Играли в тот вечер Свелинка, Фробергера, Муффата, Баха, Вивальди и пели к тому же из Моцарта, Генделя, Глюка и Скарлатти. Ах, вы знаете, я это люблю! Знаю, что модно и что еще моднее не следовать моде и не любить старинную музыку, но не могу тут выпендриваться и думать о какой-то собачьей конъюнктуре — пусть модно или немодно, мне все равно.

Вот, кстати, любопытная штука: когда-то ведь все мы, так называемые интеллектуалы, начали слушать музыку храмов из чистого снобизма. Время прошло, и музыка победила, теперь я вхожу в нее, как в реку, и она струится по моей коже, как сильный теплый дождь, а на горизонте в июльской черноте вспыхивает тихими молниями. Спасибо тому старому снобизму. Но здесь, собственно говоря, хочется говорить не столько о музыке, сколько о предметах, о жизненной утвари старого курша Абрамаса Бердано.

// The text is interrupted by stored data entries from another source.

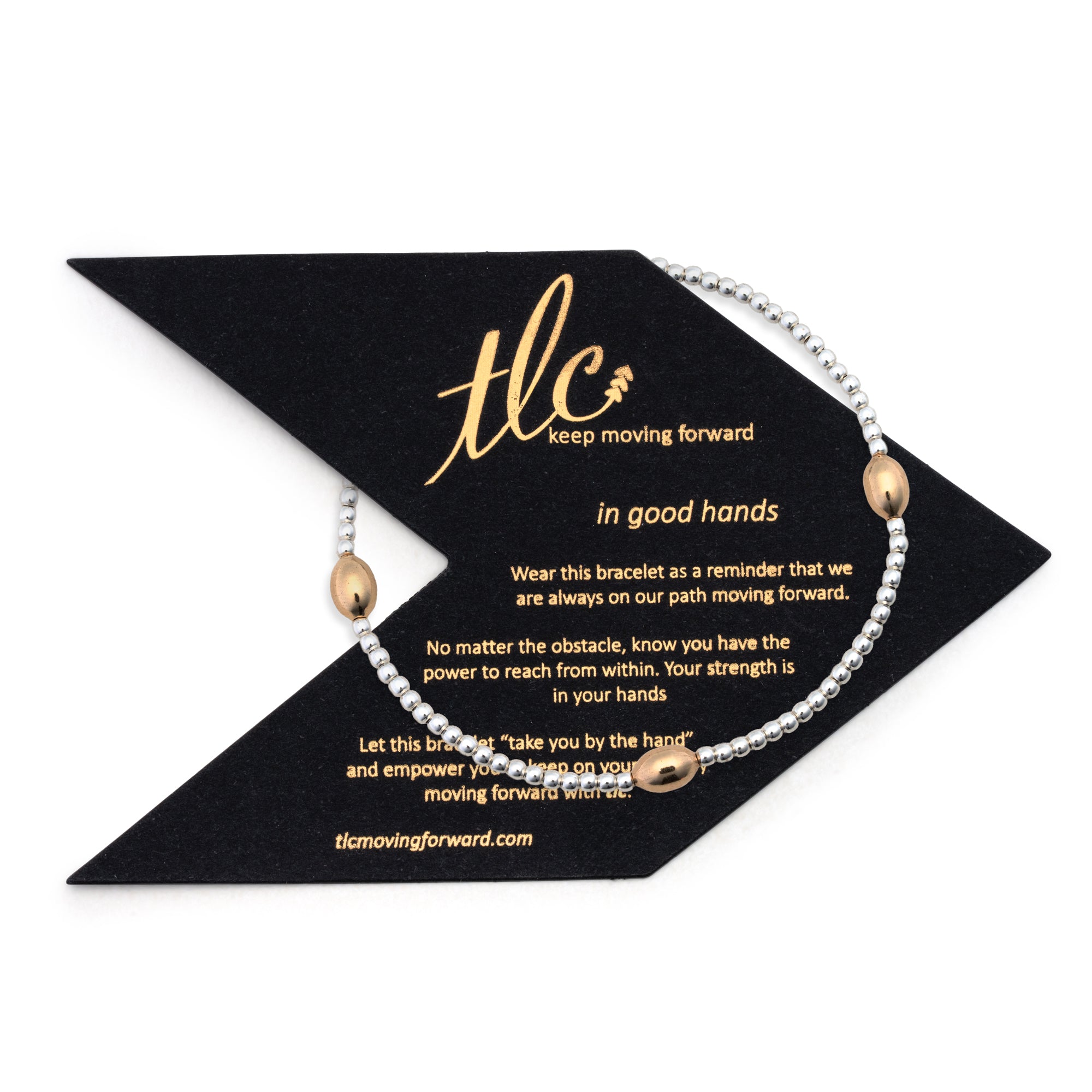 Each bracelet comes with an “in good hands” message card and tlc logo pouch.
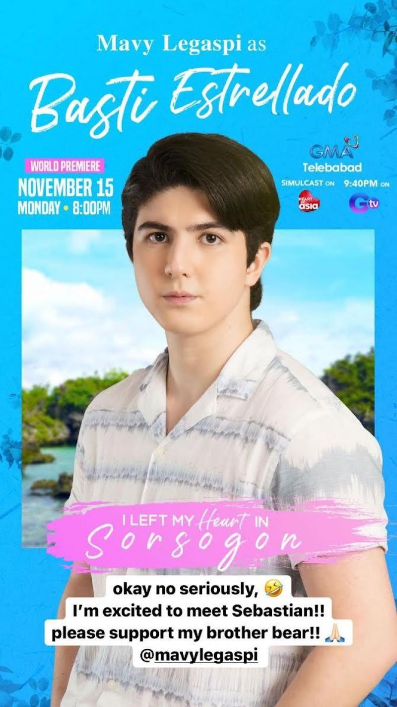 The poster was an introduction to Mavy's character in the show, Sebastian Estrellado, the estranged half-brother of Heart Evangelista's character Celeste.
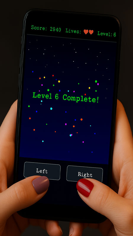 Потрясающие визуальные эффекты: наслаждайтесь яркой графикой, звездным фоном и ослепительными эффектами частиц для захватывающего опыта.
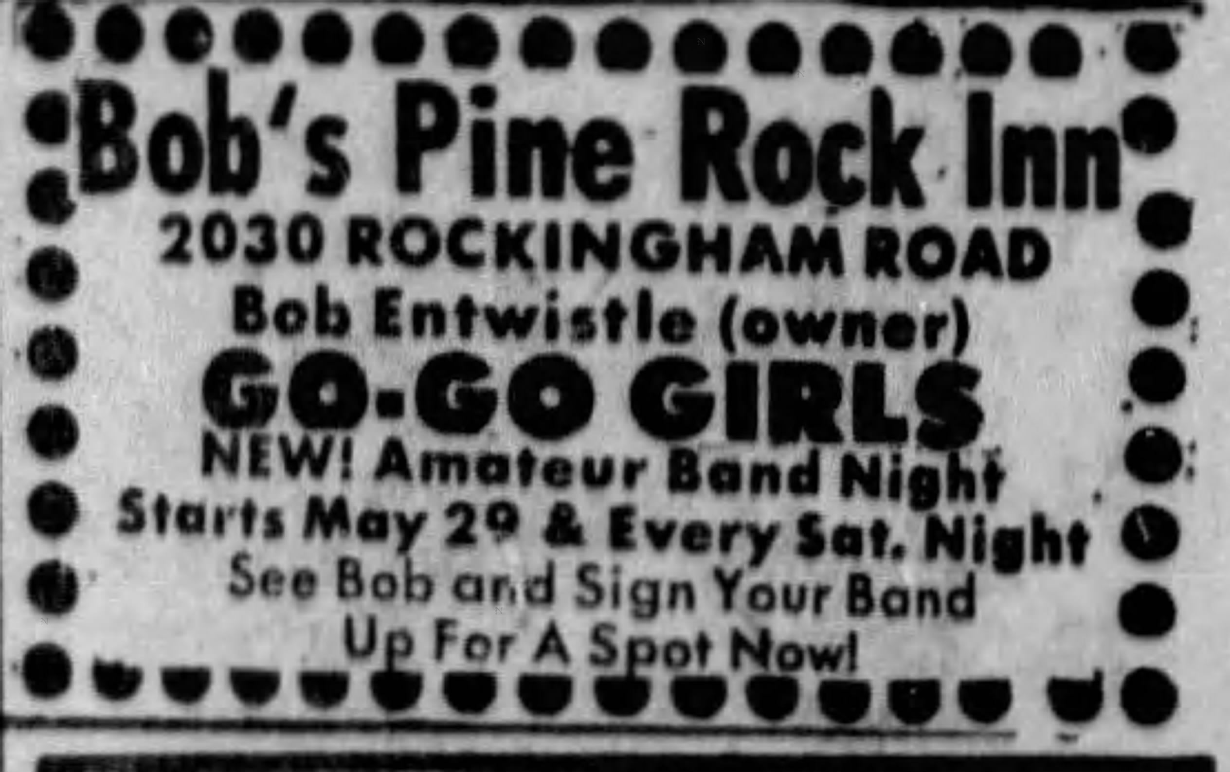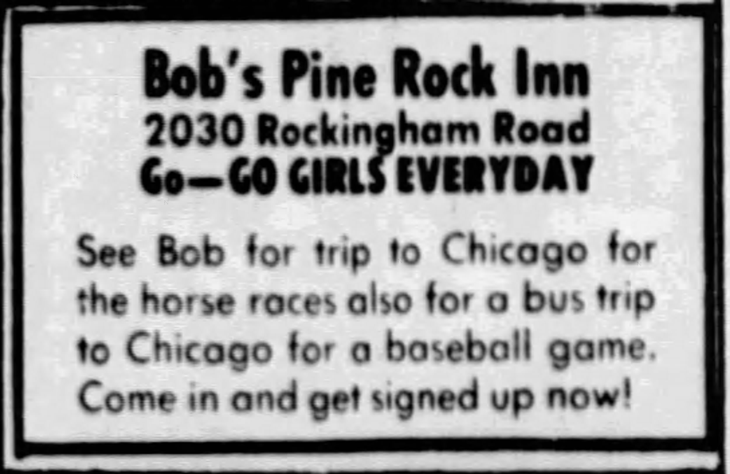 - Bob’s Pine Rock Inn or Bob’s Bull Pen – 2030 Rockingham Road
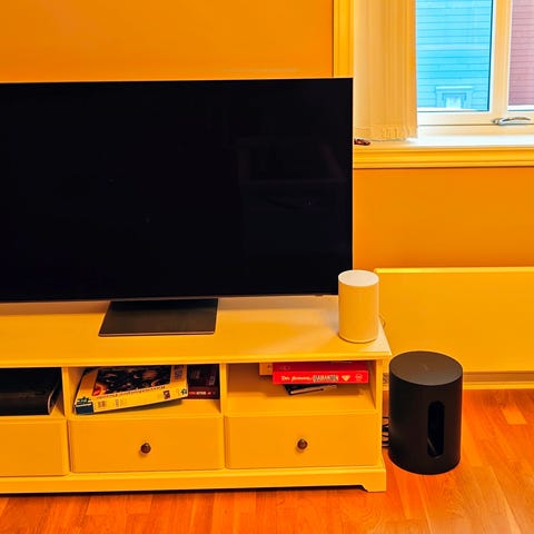 Her har du alt du trenger av tilkoblinger og enkel bruk, Bluetooth, kablet hvis du ønsker eller trådløst mellom de to høyttalere.
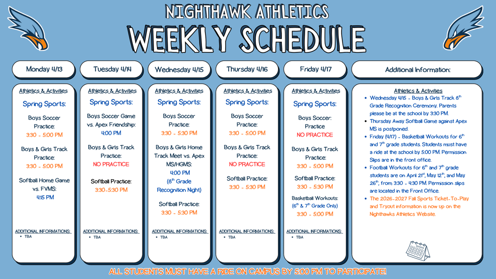 As we kick off the Spring Sports Season, it’s also time to look ahead to next year! We invite you to support our Nighthawk Athletics program by contributing to our Booster Club. This fundraiser will specifically help us purchase new football uniforms, and any additional funds raised will go towards supporting our other programs, including new jerseys and equipment for our soccer and softball student- athletes.
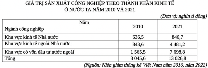GIÁ TRỊ SẢN XUẤT CÔNG NGHIỆP PHÂN THEO THÀNH PHẦN KINH TẾ Ở NƯỚC TA NĂM 2010 VÀ 2021 (Nguồn: Niên giám thống kê Việt Nam 2022, năm 2022)

Начнем с портрета, ибо там был и портрет. В манере старых мастеров мемельского овощного рынка был изображен Абрамас Бердано в зените своего могущества, однако уже перед спуском. Голову его венчала кожаная зюйдвестка домашней выработки, а под зюйдвесткой в облаке библейских, истинно авраамовских седин гордо и спокойно возвышалось красное лицо в крупных морщинах, а глаза его с простой голубизной смотрели на обширный, но привычный балтийский дом.

Рыбацкое племя куршей много веков населяло странную землю, вернее, песок, сто верст в длину и три в ширину. Говорили они по-литовски, а на храмы свои ставили лютеранский крест. Они все делали сами, своими руками, они изготовляли предметы, и с самого начала и до самого конца жизни они делали эти предметы, в этом и состояла их жизнь, и наш Абрам Бердано все себе сделал сам, отнюдь не думая, что когда-нибудь его вещи станут музейными экспонатами.

Сначала он сделал себе колыбель, в которой и лежал, прося у матери молока. Он не забыл и об удобствах — колыбель можно было подвешивать к потолку или качать материнской ногой. Потом он сделал себе лыжи, но предварительно, конечно, он сделал себе нож. Потом он сплел себе сеть, сделал ловушки для любимого гостя, саргассового угря, сделал сачки, вырезал весла и, наконец, построил баркас и сшил паруса.

Началось второе великое дело его жизни — он стал строить себе дом и построил его. Затем он сделал прялку для своей жены и два отличных узорных флюгера — один на крышу дома, другой на мачту баркаса. На деревянных этих флюгерах Абрам Бердано вырезал свои сокровища, всю красоту своей жизни: свой дом, свою корову, свой баркас — и покрасил тремя красками: красной, белой и синей.

Отдыхая, Абрамас Бердано пил самодельное пиво и делал коньки для катания себя и своих детей по прозрачному льду Куршио Марио в веселые дни Рождества и Пасхи.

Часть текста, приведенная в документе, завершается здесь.